Today’s wind turbines are designed in a wide range of vertical and horizontal axis types. In this study, several wind turbines are designed for low wind speed areas around the world mainly for domestic energy consumption. The wind speed range of 4–12 mph is considered, which is selected based on the average wind speeds in the Atlanta, GA and surrounding areas. These areas have relatively low average wind speeds compared to various other parts of the United States. Wind energy has been identified as an important source of renewable energy. Traditionally wind energy utilization is limited to areas with higher wind speeds. In reality a lot of areas in the world including Atlanta, GA., have low average wind speeds and demand high energy consumption. In most cases, wind turbines are installed in remote offshore or away from habitat locations, causing heavy investment in installation and maintenance, and loss of energy transfer over long distances. Therefore, the main focus of this study is to extract wind energy domestically at low wind speeds. A few more advantages of small scale wind turbines include reduced visibility, less noise and reduced detrimental environmental effects such as killing of birds, when compared to traditional large turbines.
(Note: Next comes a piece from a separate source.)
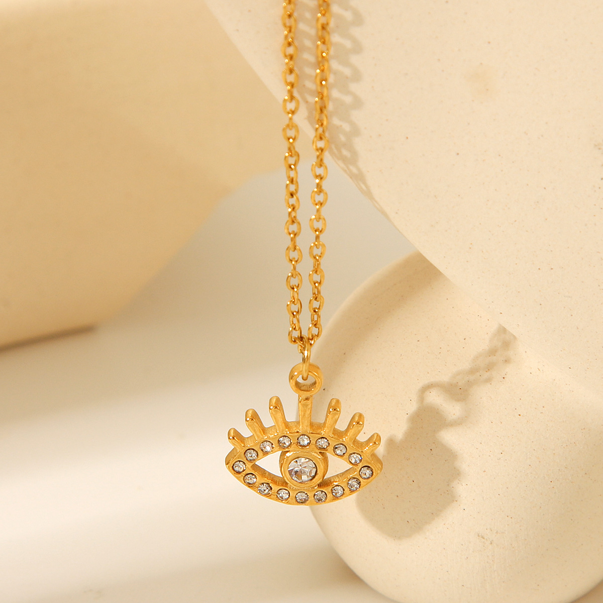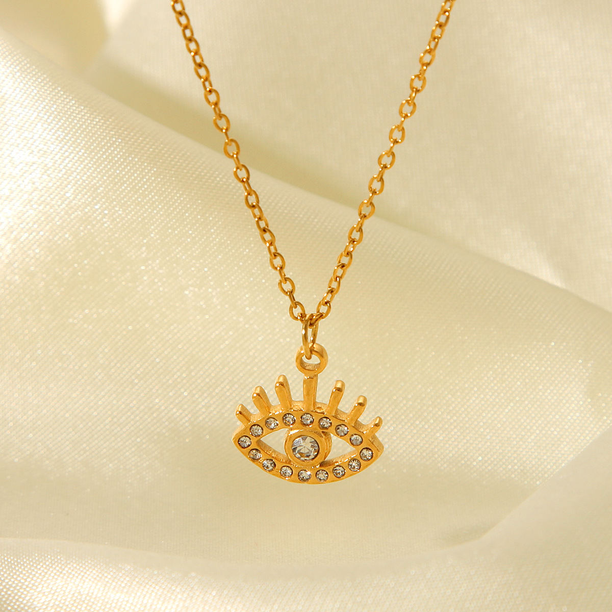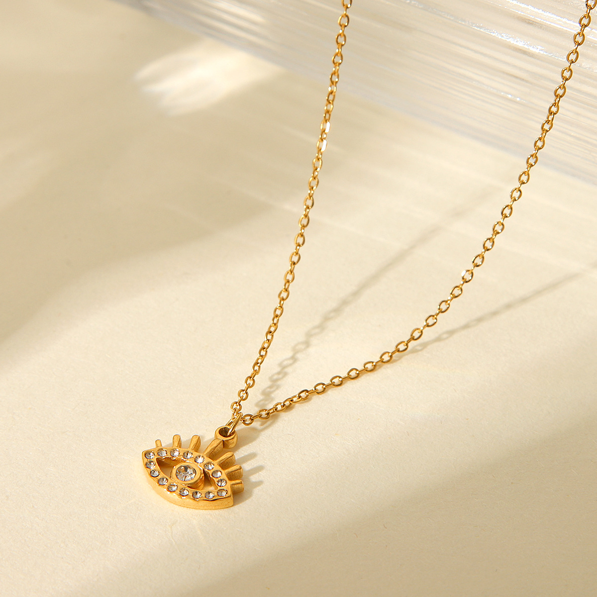 Titanium Steel Non-fading Necklace 18K Gold Stainless Steel Diamond-encrusted Demon's Eye Pendant Necklace Jewelry

With the latest development in wind turbine technology it is now possible to employ small scale wind turbines that have much smaller foot print and can generate enough energy for small businesses or residential applications. The low speed wind turbines are typically located near residential areas, and are much smaller in sizes compared to the large out of habitat wind turbines. In this study, several designs of wind turbines are modeled using SolidWorks. Virtual aerodynamic analysis is performed using SolidWorks Flow simulation software, and then optimization of the designs is performed based on maximizing the starting rotational torque and acceleration. From flow simulations, forces on the wind turbine blades and structures are calculated, and used in subsequent stress analysis to confirm structural integrity. Critical insight into the low wind speed turbine design is obtained using various configurations and the results are discussed. The study will help identify bottlenecks in the practical and effective utilization of low speed wind energy, and help devise possible remedial plans for the areas around the globe that get low average wind speeds.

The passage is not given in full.